Material for this exercise Block Start

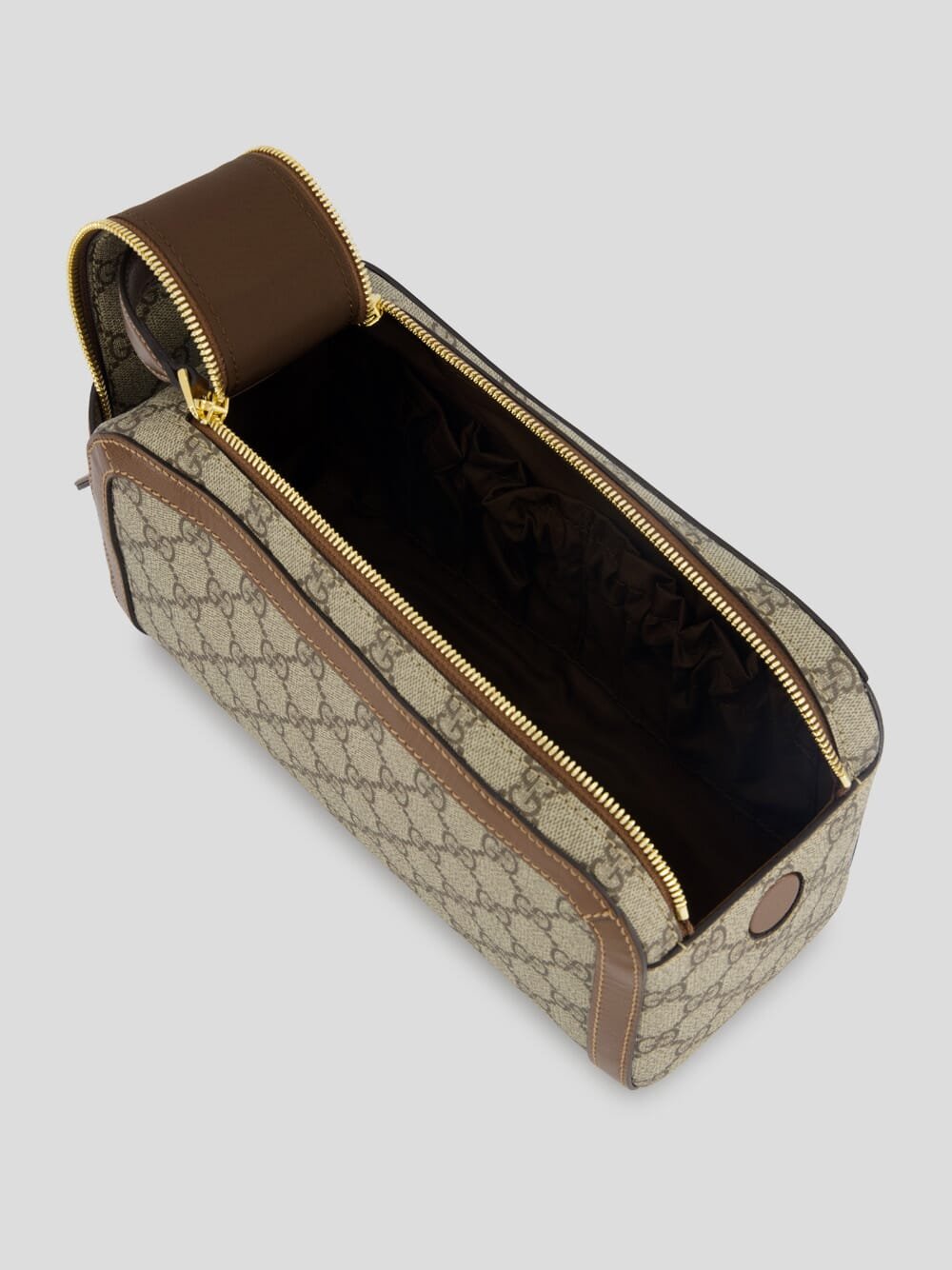 Toiletry Case with Interlocking G crafted from the iconic Beige and Ebony GG Supreme canvas with brown leather trim, this case exudes a timeless and sophisticated aesthetic. The oval shape and interlocking G leather tag showcase exquisite attention to detail. With its convenient outside handle, it offers easy carrying. The inside features an open compartment and zip closure, ensuring secure storage for your toiletries.
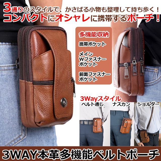 3WAY本革多機能ベルトポーチ (メンズ ヒップバッグ スマホバッグ ショルダーバッグ 斜めがけ スマホポーチ)
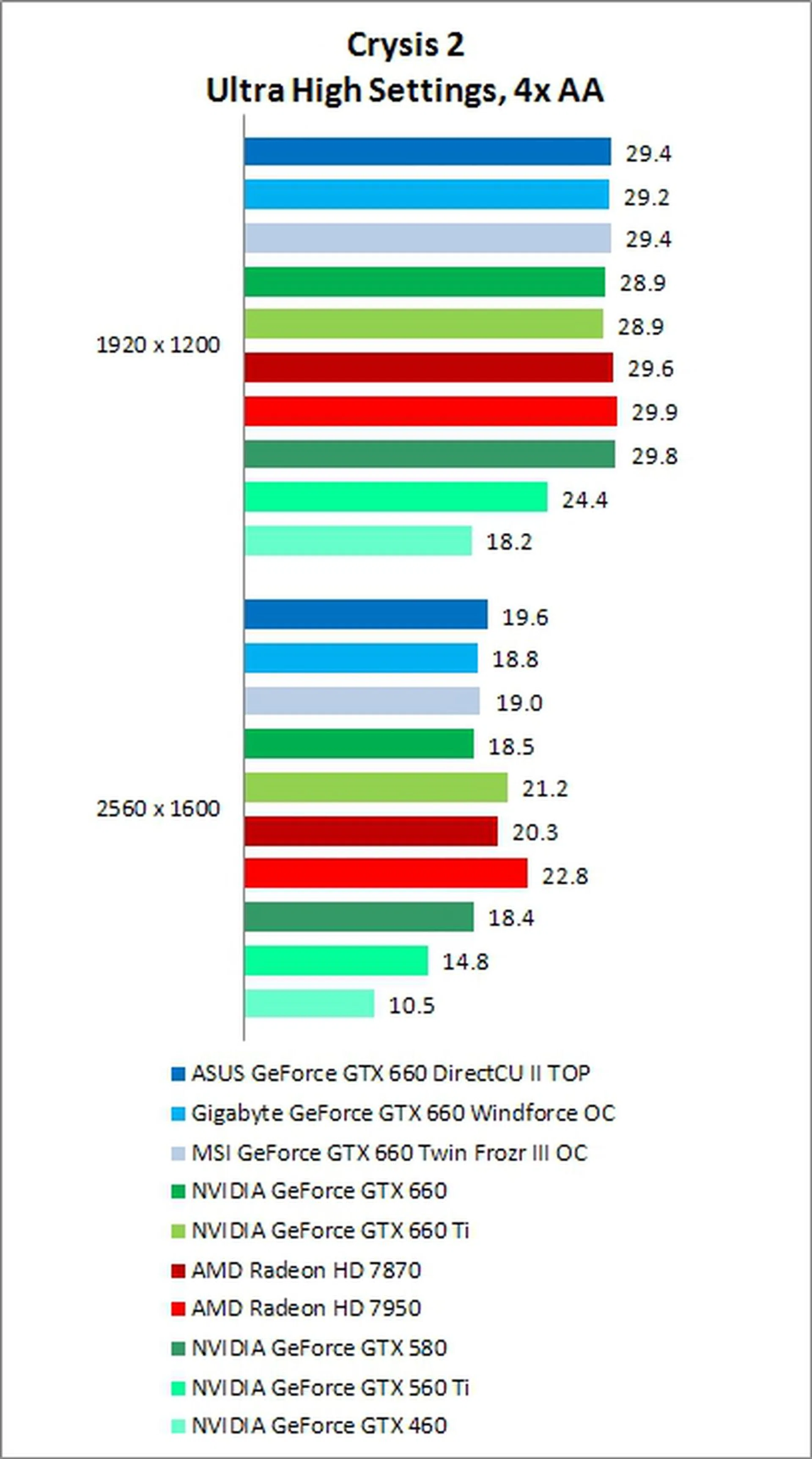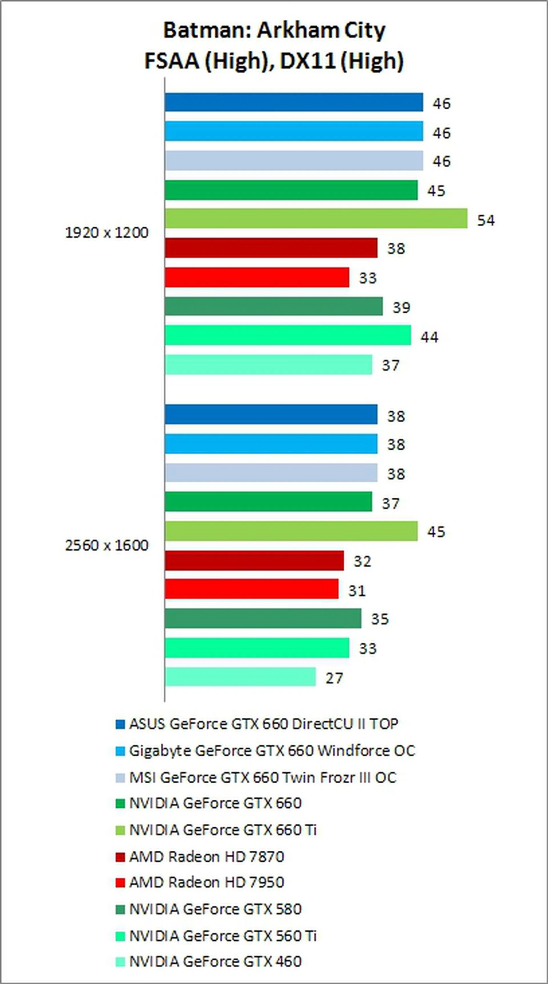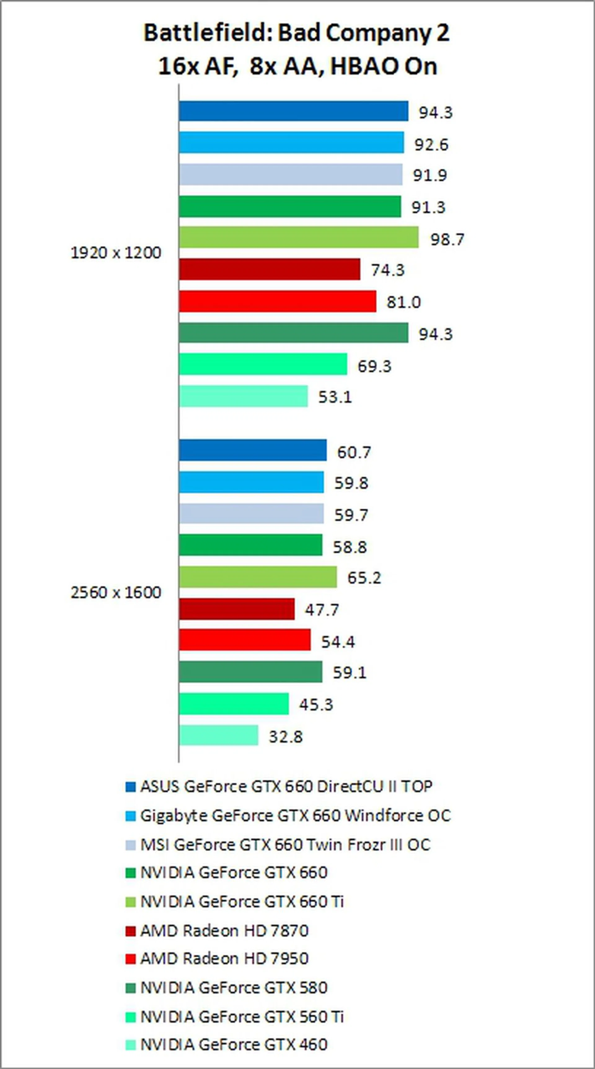 The GTX 660 excelled at this DX11 game. While it may be getting a bit old, Battlefield: Bad Company 2's Frostbite 1.5 engine is still a good test of a GPU’s geometry shading power. Impressively, the GTX 660 managed to beat both the HD 7870, and also the higher-end HD 7950, scoring more than 12% better than the latter at 1920 x 1200, and more than 6% better at the 2560 x 1600 pixels resolution.
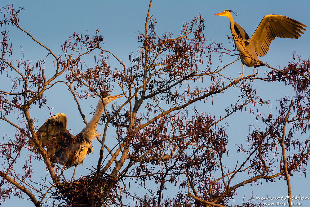 Graureiher, Ardea cinerea, Ardeidae, zwei Tiere streiten sich um Nistmaterial aus einem alten Nest, Levinscher Park, A nature document - not arranged nor manipulated, Göttingen, Deutschland
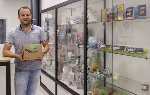 Thijs voor een stelling vol met producten op insectenbasis, waaronder het OERei
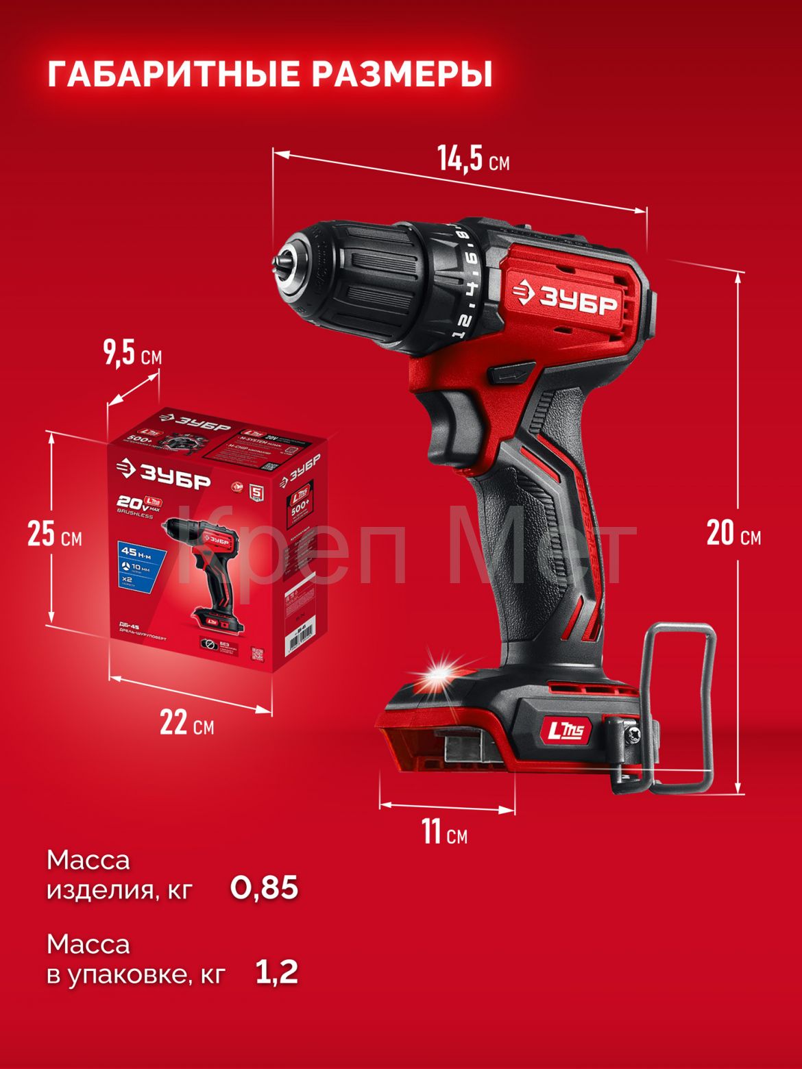 - ЗУБР 20 В, 45 Н·м, без АКБ (LMS), бесщеточная дрель-шуруповерт (ДБ-45)
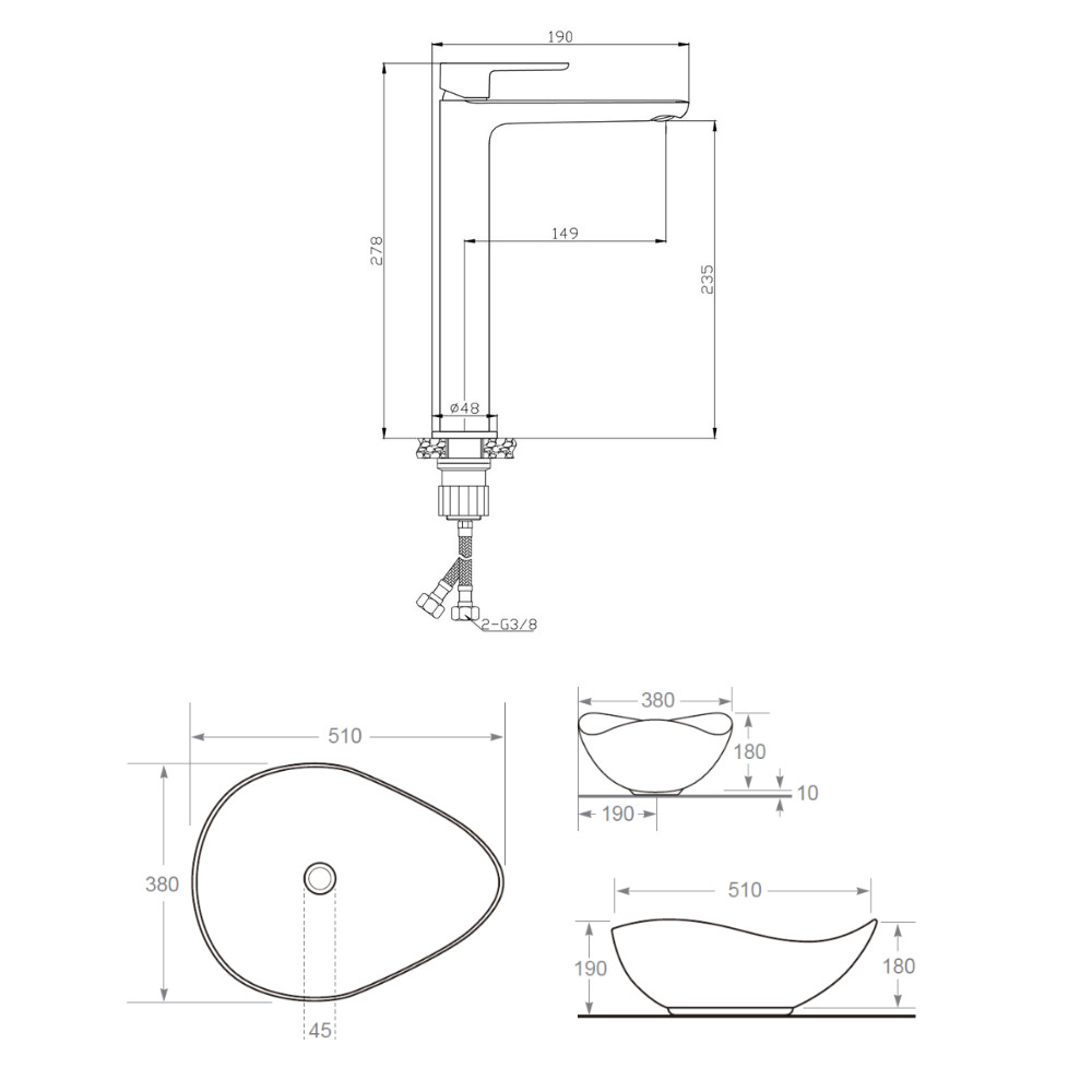 Set PixL 51 x 38 x 19 cm vasque à poser blanc brillant + mitigeur XL + bonde (CEPX50538SAT285C)

Material for this exercise Block End

Omitting the pictures, repeat all entries exactly.

Answer section -
 Toiletry Case with Interlocking G crafted from the iconic Beige and Ebony GG Supreme canvas with brown leather trim, this case exudes a timeless and sophisticated aesthetic. The oval shape and interlocking G leather tag showcase exquisite attention to detail. With its convenient outside handle, it offers easy carrying. The inside features an open compartment and zip closure, ensuring secure storage for your toiletries.
 3WAY本革多機能ベルトポーチ (メンズ ヒップバッグ スマホバッグ ショルダーバッグ 斜めがけ スマホポーチ)
 The GTX 660 excelled at this DX11 game. While it may be getting a bit old, Battlefield: Bad Company 2's Frostbite 1.5 engine is still a good test of a GPU’s geometry shading power. Impressively, the GTX 660 managed to beat both the HD 7870, and also the higher-end HD 7950, scoring more than 12% better than the latter at 1920 x 1200, and more than 6% better at the 2560 x 1600 pixels resolution.
 Graureiher, Ardea cinerea, Ardeidae, zwei Tiere streiten sich um Nistmaterial aus einem alten Nest, Levinscher Park, A nature document - not arranged nor manipulated, Göttingen, Deutschland
 Thijs voor een stelling vol met producten op insectenbasis, waaronder het OERei
 - ЗУБР 20 В, 45 Н·м, без АКБ (LMS), бесщеточная дрель-шуруповерт (ДБ-45)
 Set PixL 51 x 38 x 19 cm vasque à poser blanc brillant + mitigeur XL + bonde (CEPX50538SAT285C)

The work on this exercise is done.